A verbal feud between Amnesty International and Washington has escalated since Amnesty last week compared the prison at the U.S. naval base at Guantanamo Bay, Cuba, to the brutal Soviet system of forced labor camps where millions of prisoners died.
President Bush dismissed as "absurd" the Amnesty report, which also said the United States was responsible for an upsurge in global human rights violations, and Defense Secretary Donald Rumsfeld called the description "reprehensible."
"The administration's response has been that our report is absurd, that our allegations have no basis, and our answer is very simple: if that is so, open up these detention centers, allow us and others to visit them," Amnesty International Secretary General Irene Zubaida Khan told a news conference.

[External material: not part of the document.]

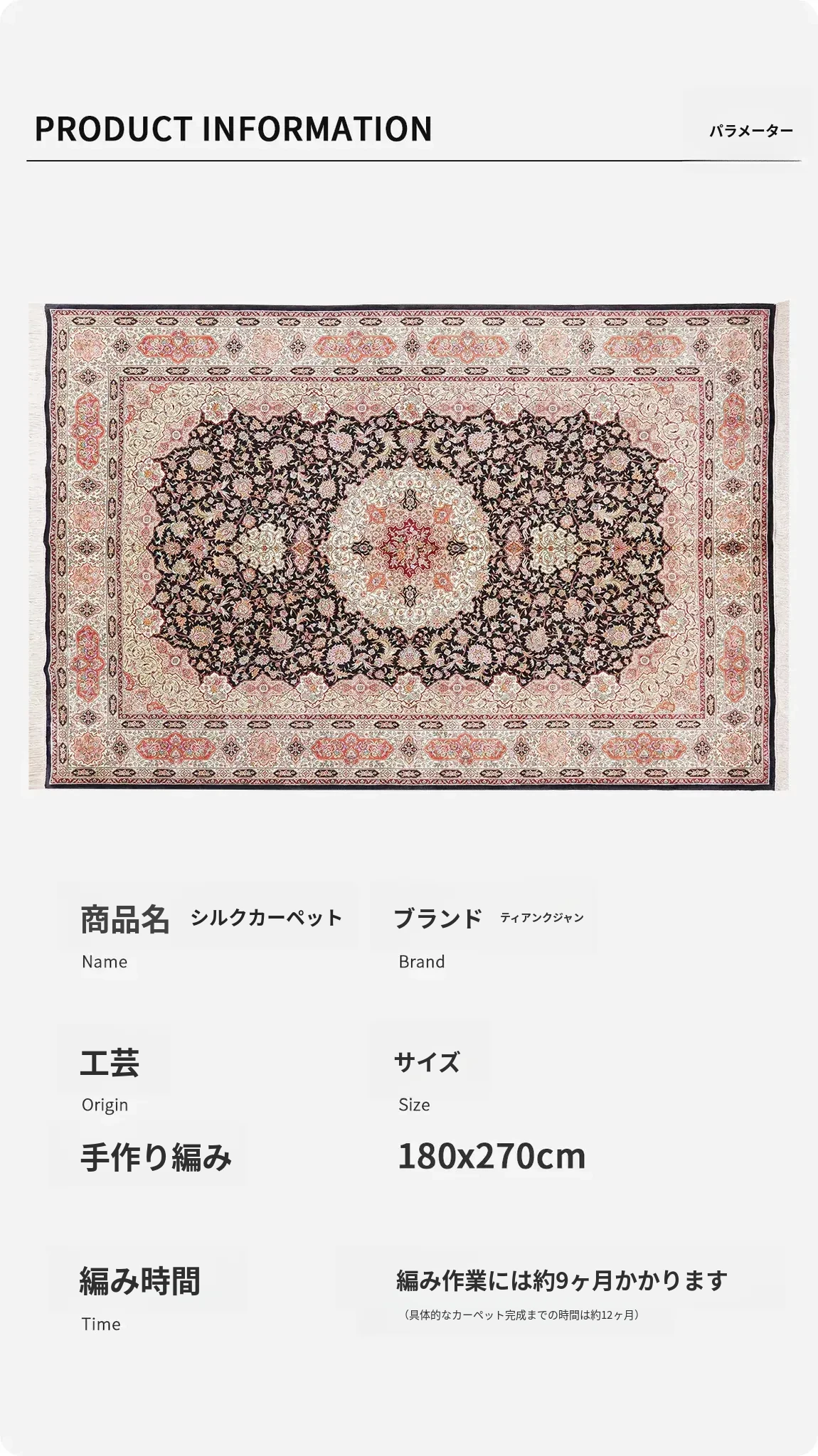 天匠手作の本物シルクペルシャカーペット - 洗えるモダン北欧スタイル、180x270cmのリビングや寝室に最適!おしゃれなインテリアを演出します。
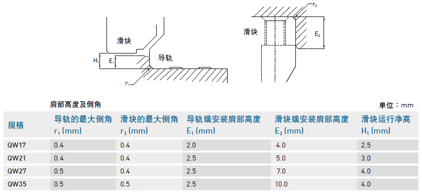 3、安裝注意事項(xiàng), 我們?cè)诔瑢?dǎo)軌的時(shí)候,要注意安裝面肩部高度及倒角,安裝直線(xiàn)導(dǎo)軌時(shí)必須注意安裝面肩部的狀況是否適當(dāng),如倒角過(guò)大,凸出的地方易造成直線(xiàn)導(dǎo)軌精度不良,而高度過(guò)高則會(huì)干涉滑塊。故如果能依照建議要求安裝面肩部,安裝精度不良即可排除。下表為QW靜音安裝面肩部高度及倒角相關(guān)參數(shù)。

"Transparency is the best antidote to misinformation and incorrect facts," said Khan, who is here to meet with Japanese officials.
The United States holds about 520 men at Guantanamo, where they are denied rights accorded under international law to prisoners of war.
Many have been held without charge for more than three years.
Khan rejected a suggestion that Amnesty's use of the emotive term "gulag" had turned the debate into one over semantics, and distracted attention from the situation in the detention centers.
"What we wanted to do was to send a strong message that ... this sort of network of detention centers that has been created as part of this war on terrorism is actually undermining human rights in a dramatic way which can only evoke some of the worst features of human rights scandals of the past," she said.
"I don't think people have got off the hook yet."
Khan also said Japan's bid for a permanent seat on the U.N. Security Council meant Tokyo should play a bigger role in the global fight for human rights and improve its own record at home.
Japan has stepped up its campaign for a permanent seat as part of an effort to boost its global clout in security affairs.
"Japan, by its strong bid to become a U.N. Security Council member, is subjecting itself to greater international scrutiny and that creates an imperative for change," she said.
Khan urged Japan to abolish the death penalty, improve the treatment of prisoners, revise a strict stance toward refugees -- only 15 refugees were accepted last year -- and do more to prevent and protect victims of human trafficking.